We are currently investigating connectivity issues with Cloud SQL instances. I will post an new update in 30 minutes.

Incident began at 2015-01-20 17:31 and ended at 2015-01-20 19:05 (all times are US/Pacific).

Date Time Description
22 Jan 2015 06:01 PST

SUMMARY: On Tuesday 20 January 2015, for a duration of 103 minutes, Google Compute Engine experienced an issue with outbound network connectivity to certain IP blocks which were used for other Google services. Compute Engine instances were not able to connect to IPs in the affected blocks, meaning that other Google services, including Cloud SQL and BigQuery, were unavailable to some Compute Engine users. We apologize for this disruption in connectivity, and are taking immediate steps to prevent its recurrence.

DETAILED DESCRIPTION OF IMPACT: On Tuesday 20 January 2015 from 17:27 to 19:10 PST, the Google Compute Engine routing layer dropped connections to 33% of Google IP blocks.

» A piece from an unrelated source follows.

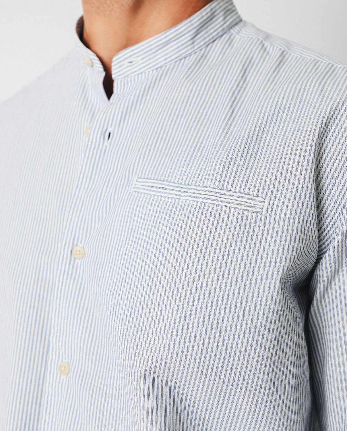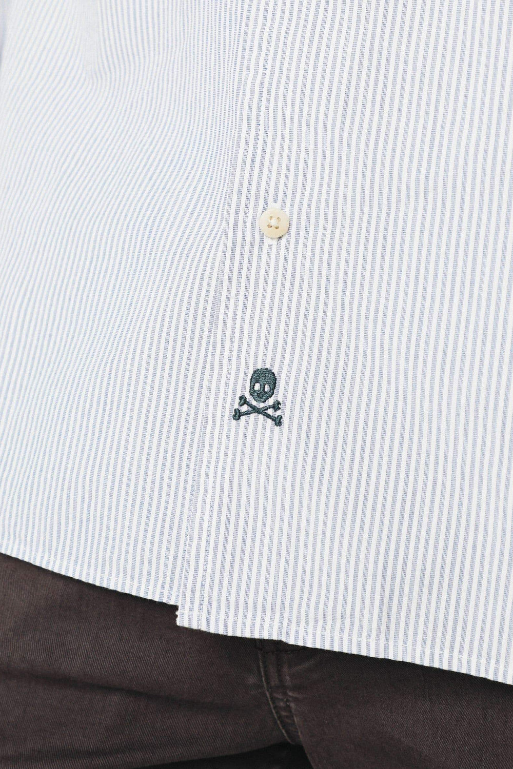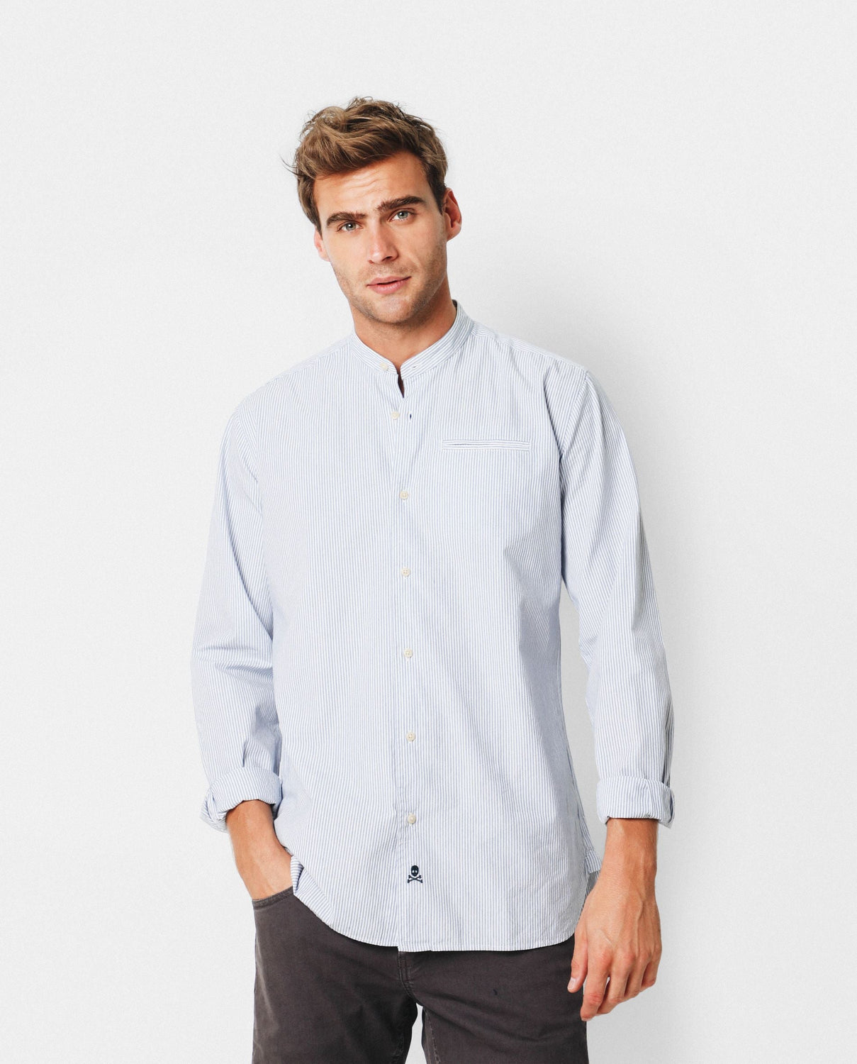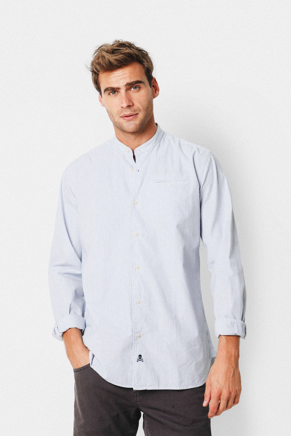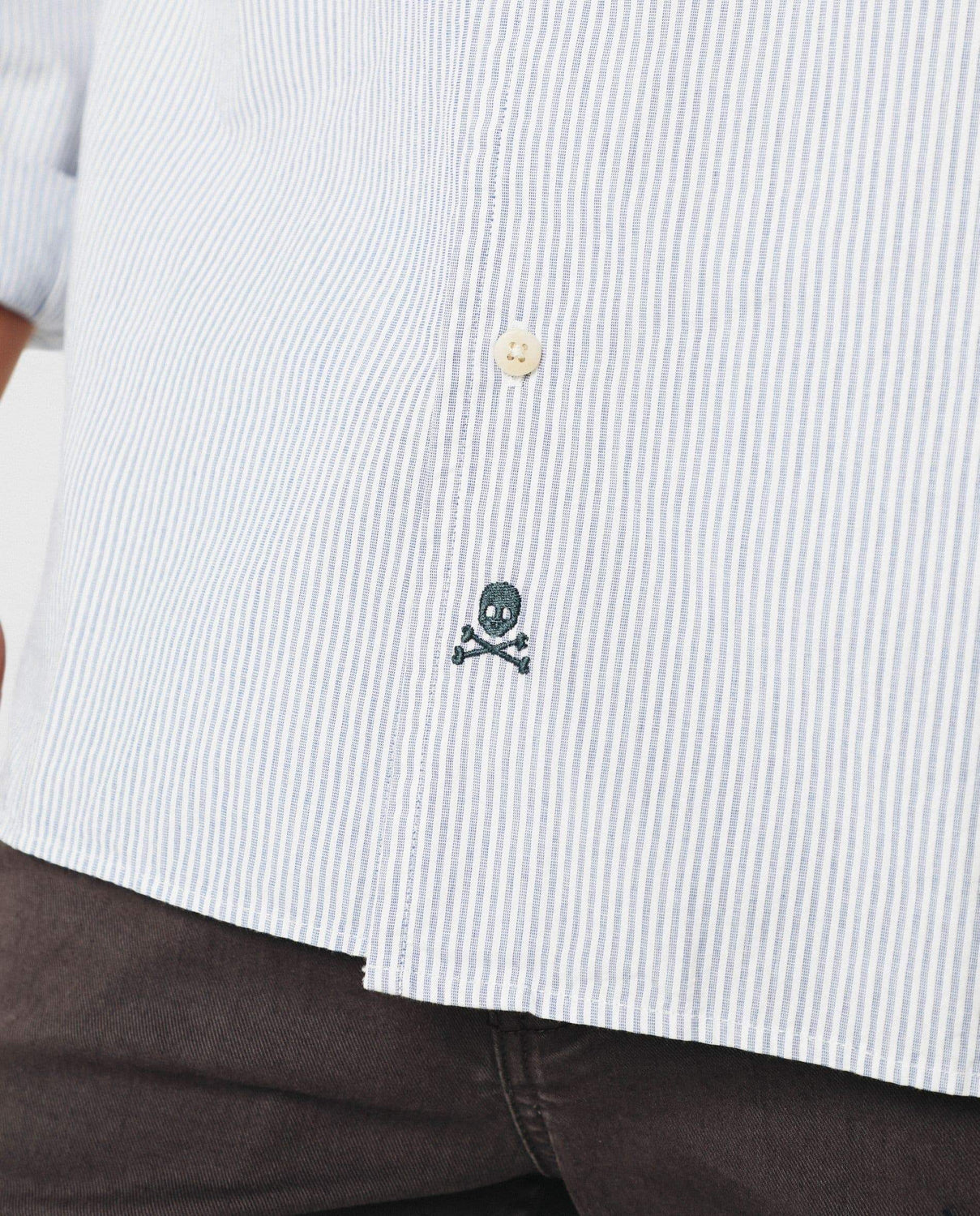 Camisa de rayas confeccionada en tejido 100% algodón. Corte Regular Fit, cuello mao y cierre con botones. Manga larga terminada en puño y bolsillo insertado en el pecho. Detalle de calavera bordada en el bajo.

Compute Engine instances were impacted if they attempted to connect to a Google service (including Cloud SQL and BigQuery) and were given an IP in one of the affected blocks by Google DNS servers. 21% of GCE instances, distributed across all Compute Engine zones, attempted connections to the affected blocks during the incident.

ROOT CAUSE: At 17:27 a configuration change previously initiated by Google engineers was rolled out to Google Compute Engine routers by an automated system. This change was intended to disable routing traffic to certain IP blocks, but due to a manual misconfiguration, the configured netblocks were too large, and included addresses used by Google services in production. Due to an unrelated process error, this configuration change was rolled out to the Compute Engine routing system before automated tests were run. Once the changes were rolled out, any traffic from a Compute Engine instance destined to Google services in the incorrectly labelled blocks would be erroneously dropped.

REMEDIATION AND PREVENTION: Automated network monitoring systems alerted Google engineers of the issue at 17:31. Google engineers identified incorrectly labeled netblocks as the root cause at 18:35, and began deploying a fix at 18:58. As the labels were corrected by the fix, the system began to recover; full recovery was complete at 19:10.

Google engineers are correcting the process used to push this network configuration to the Compute Engine routing system to utilize the existing automated tests. Additionally, the process to label netblocks will now include peer review, and the tool used to generate these changes is being improved to reduce the risk of errors. Finally, Google engineers are revising the process by which changes are rolled out to Compute Engine routing infrastructure to ensure changes are rolled out gradually across all zones.

20 Jan 2015 19:29 PST

The fix has been fully rolled out at Tuesday, 2015-01-20 07:13 PM US/Pacific time.

We apologize for any issues this may have caused to you or your users and thank you for your patience and continued support. Please rest assured that system reliability is a top priority at Google, and we are constantly working to improve the reliability of our systems.

20 Jan 2015 18:49 PST

We have identified the component causing the issue and a fix is being rolled out.